At Coney Island, Fischel was the listed contact for the Infant Incubator Company in a May 1, 1909 advertisement in The Billboard, offering “Baby Incubators, complete installations as operated by us, for sale to hospitals and amusement parks.” He was also in charge of the Dreamland incubator show when the park was destroyed by fire on May 27, 1911. Contemporary accounts report that Fischel arrived promptly at the Baby Incubator Building as the fire spread, and all six babies were successfully evacuated.
Public Profile
Fischel was not merely an operational figure but an active self-promoter. In September 1910, a full-page illustrated feature appeared in multiple Hearst-syndicated newspapers under the headline “What Becomes of the Incubator Babies” and the byline “By Dr. S. Fischel, Founder of Infant Incubator Hospitals in America.” The piece has been located in the San Francisco Examiner (September 11, 1910), the Kansas City Post (September 4, 1910), and the Spokesman-Review of Spokane, Washington (September 11, 1910), the St. Louis Star and Times (September 4, 1910), and likely appeared in other papers in the Hearst chain. The article featured photographs of incubator “graduates” including Hildegarde Couney, described as having been “brought up in one of the baby incubators her father invented,” and Walter Eanes Smith, grandson of the Commissioner of Agriculture of Florida. Fischel’s claim to be the “founder” of incubator hospitals in America, while Couney’s daughter was simultaneously described as the inventor’s child, suggests a negotiated division of credit between the two partners: Couney the inventor, Fischel the founder.
Death
Solomon Fischel died in New York City on October 19, 1913, at the age of 43, under circumstances that attracted considerable press attention. The New York Times reported on October 20 that Fischel had married Miss Anna Winter of Brooklyn the previous evening in a ceremony at a synagogue on Seventh Street, performed in Russian. He had complained of feeling ill at dinner before the wedding and ate nothing. After the ceremony, the wedding party took an automobile ride and had a late wedding dinner. At 4:00 AM, Fischel awoke with stomach pain at the Hotel Broztell. A physician was called, but Fischel died at 6:10 AM. The cause of death was given as heart failure brought on by indigestion; the attending physician believed a gastric abscess had ruptured. Friends reported that he had suffered from chronic stomach trouble and had been under the care of multiple specialists. The couple had planned to leave for San Francisco after three weeks — possibly to prepare for the Panama-Pacific Exposition of 1915, for which the Infant Incubator Company had already secured a concession.

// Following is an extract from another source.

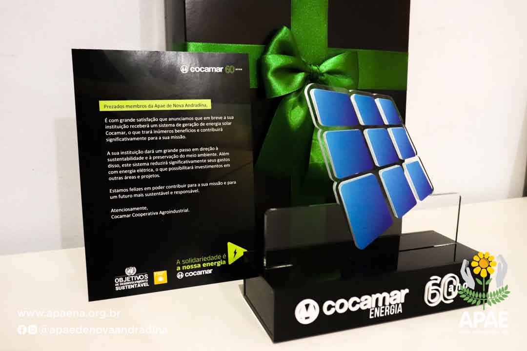 COOPERADOS destinam doação de um Sistema de Geração de Energia solar COCAMAR para APAE de Nova Andradina.

The wire services picked up the story under headlines such as “DOCTOR WEDS; DIES NEXT DAY,” and it appeared in newspapers across the country. Fischel’s estate was estimated at $100,000 (approximately $3 million in current value). In May 1914, the New York Times reported that “all the right, title and interest of the estate of Solomon Fischel, deceased, in and to any share or shares of the capital stock of the Infant Incubator Company” were sold at auction for $2,500 — a small fraction of the likely value of his stake. The administratrix — presumably the widow, who had been married to Fischel for barely ten hours — did not know the number of shares or the nature of the interest she was selling.
After Fischel’s death, Couney continued to operate the Infant Incubator Company’s exhibits for another three decades, including at the Panama-Pacific Exposition in 1915 and the New York World’s Fair in 1939–1940. Fischel’s role in the enterprise was largely forgotten, and the standard historiography of the incubator exhibition movement — shaped by William Silverman’s 1979 article in Pediatrics, Dawn Raffel’s The Strange Case of Dr. Couney (2018), and Claire Prentice’s Miracle at Coney Island — has treated him as a minor figure in Couney’s story rather than as a co-equal partner.
Books
- Raffel, Dawn. The Strange Case of Dr. Couney: How a Mysterious European Showman Saved Thousands of American Babies. Blue Rider Press, 2018. ISBN 978-0399175749.
- Prentice, Claire. Miracle at Coney Island: How a Sideshow Doctor Saved Thousands of Babies and Transformed American Medicine. 2016.
Medical Journals
- Silverman, William A. “Incubator-Baby Side Shows.” Pediatrics 64, no. 2 (August 1979): 127–141.
- “Recent Deaths: Dr. Solomon Fischel.” Boston Medical and Surgical Journal (October 30, 1913).
Newspaper Articles — Fischel Biographical
- “Dr. Fishel, Inventor of Baby Incubator, Weds and Dies.” New York Times, October 20, 1913.
- “Quails Are His Forte: Dr. Fischel of Vienna Wagers He Can Eat a Quail a Day for 30 Successive Days.” Buffalo Courier, December 20, 1901.
Newspaper Articles — Exhibitions, Business, and Marketing
- “Baby Incubator Trouble: One of the Partners Not Satisfied With Division of Profits.” Lowell Daily Courier, November 8, 1901. (Wire story datelined New York, November 7.)
- “Baby Incubators, complete installations as operated by us, for sale to hospitals and amusement parks.” The Billboard, May 1, 1909. (Advertisement listing Dr. S. Fischel as contact, Infant Incubator Company at Dreamland.)
- Fischel, S. “What Becomes of the Incubator Babies.” San Francisco Examiner, September 11, 1910. (Hearst syndicated feature, copyright 1910 American-Examiner.) Also appeared in: Kansas City Post, September 4, 1910; Spokesman-Review (Spokane, WA), September 11, 1910.
- “Saving the Baby’s Life: How Incubation Has Reduced the Ravages of Early Birth.” Kansas City Star, August 28, 1910. (Interview with Dr. S. Fischel.)
- “Incubator Baby Becomes Expo President in 1944: Eight Flickering Lives Being Fanned Into Health on Goose Island.” Kentucky Post, September 8, 1910. (Ohio Valley Exposition, Cincinnati. Interview with Dr. S. Fischel.)
- [Auction of Fischel estate interest in Infant Incubator Company.] New York Times, May 15, 1914.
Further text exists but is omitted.